Las somatizaciones son un lugar común para explicar muchos procesos patológicos. Como el alma sufre, el cuerpo acusa el golpe. Ahora bien, ¿hay una relación entre el dolor físico y la capacidad de perdonar? Nosotros consideramos que sí es un catalizador. En el artículo lo explicaremos mejor e indicaremos cuáles son las alternativas que puedes aprovechar.

El dolor físico y la capacidad de perdonar

En primer lugar, has de tener en cuenta que estar sometido a estrés agarrota el cuerpo y lo pone en tensión. Es muy habitual la relación entre los infartos y hechos traumáticos. Las subidas de tensión también generan este tipo de problemas, de manera que has de teneros en cuenta.

Otro aspecto importante de la relación entre dolor físico y la capacidad de perdonar es que las personas que tienen algo dentro de estas características pueden desarrollar rabia con dolores de estómago. Por esta razón, y como principio general, convendría que resolvieras ese problema que has ido dejando. Muchas úlceras o problemas digestivos han tenido como catalizador esta situación.

La principal consecuencia de no perdonar es que una situación emocional queda estancada. No significa en absoluto que haya que dejar pasar las afrentas, pero si tu cuerpo se siente mal, el problema no está solo en lo que te han hecho.
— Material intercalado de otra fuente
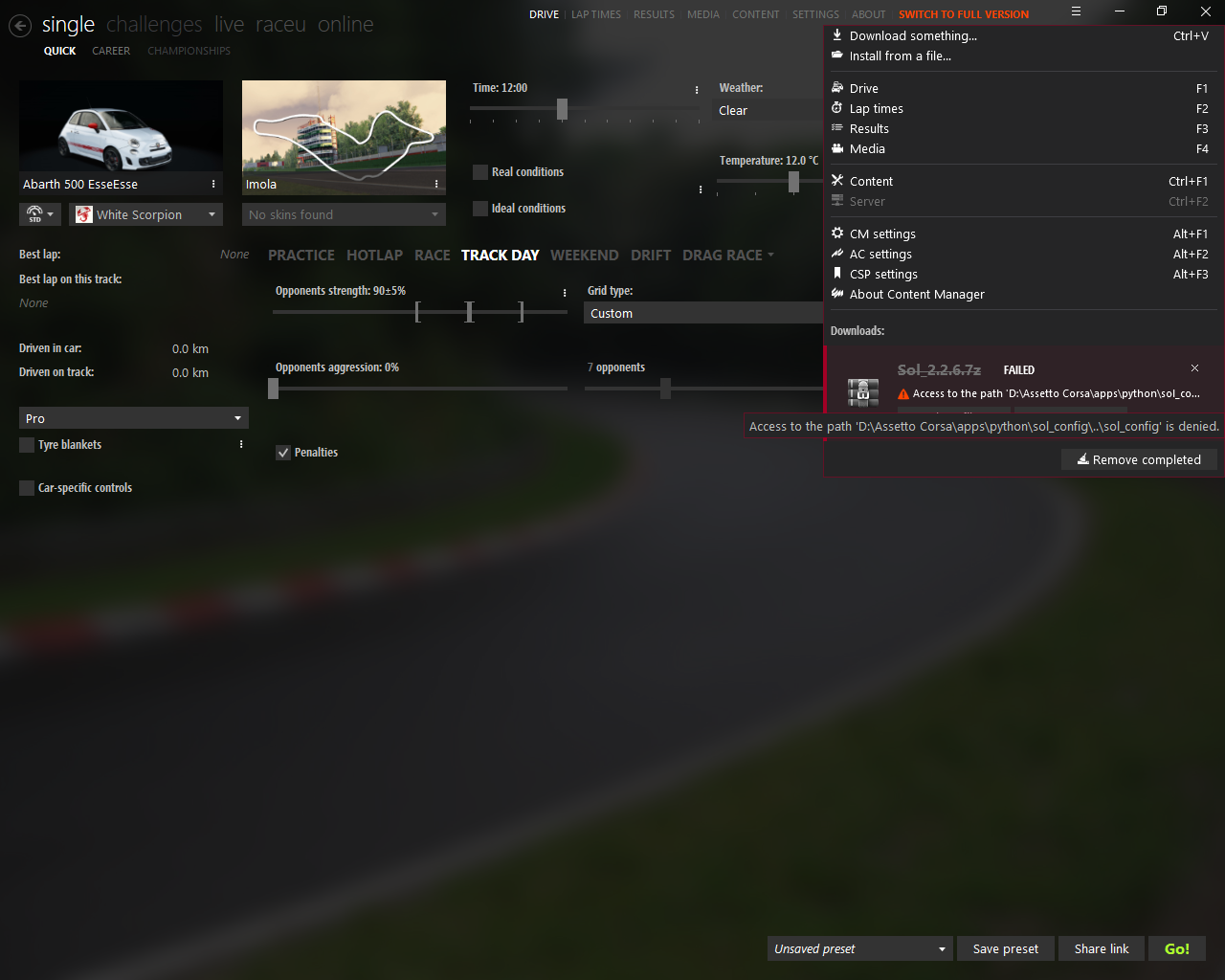 asilkan07 dedi: Assetto Corsa aldım sonra Online oynamak için content Manager indirdim ama modları kurarken şu hatayı alıyorum:Eki Görüntüle 2113242 Genişletmek için tıkla... Sol dosyasını bende atamıyorum nedense oyunun dosyalarına girip manuel olarak atmam lazım.

Además, y esto es fundamental, perdonar no implica volver a tener relación con la persona a la que perdonas. Es, ante todo, un acto de liberación que haces para ti.

¿Hay otros motivos?

Evidentemente, sí que los hay. Cuando hacemos un análisis de por qué hay una relación entre dolor físico y la capacidad de perdonar, siempre hay que plantearlo como una hipótesis, no como una relación unívoca porque los motivos de una enfermedad son varios. En cualquier caso, sí convendría señalar que los doctores son conscientes de que gran parte de los trastornos físicos y psicológicos están originados por razones psicosomáticas. Por lo tanto, todo lo que sea tener una vida más tranquila y con garantías redundará en tu salud.

En ningún momento, nuestra visión pretende ser simplista. Sabemos que los motivos que originan una enfermedad física son varios pero también que hay factores de riesgo. Está demostrado que las personas felices viven más años que las que no lo son y que tienen menos posibilidades de desarrollar determinadas dolencias.

Conclusión

Si concluimos que hay una relación clara entre dolor físico y la capacidad de perdonar, estaremos de acuerdo en que nosotros somos responsables de gran parte de las cosas que nos suceden. Saber por qué nos afecta tanto algo y saber liberarse del pasado es fundamental para ser felices. Sanar las heridas es importante para que, cuando aparezcan situaciones difíciles, no te duelan tanto. Esto es, precisamente, lo que podemos conseguir en Emocodificación y Sanación Genética. Tomar consciencia de lo que te sucede y liberarte es bueno para vivir una vida más plena. De esta forma, ganarás en salud psicológica y emocional, y eso repercutirá en el resto de las áreas de tu vida.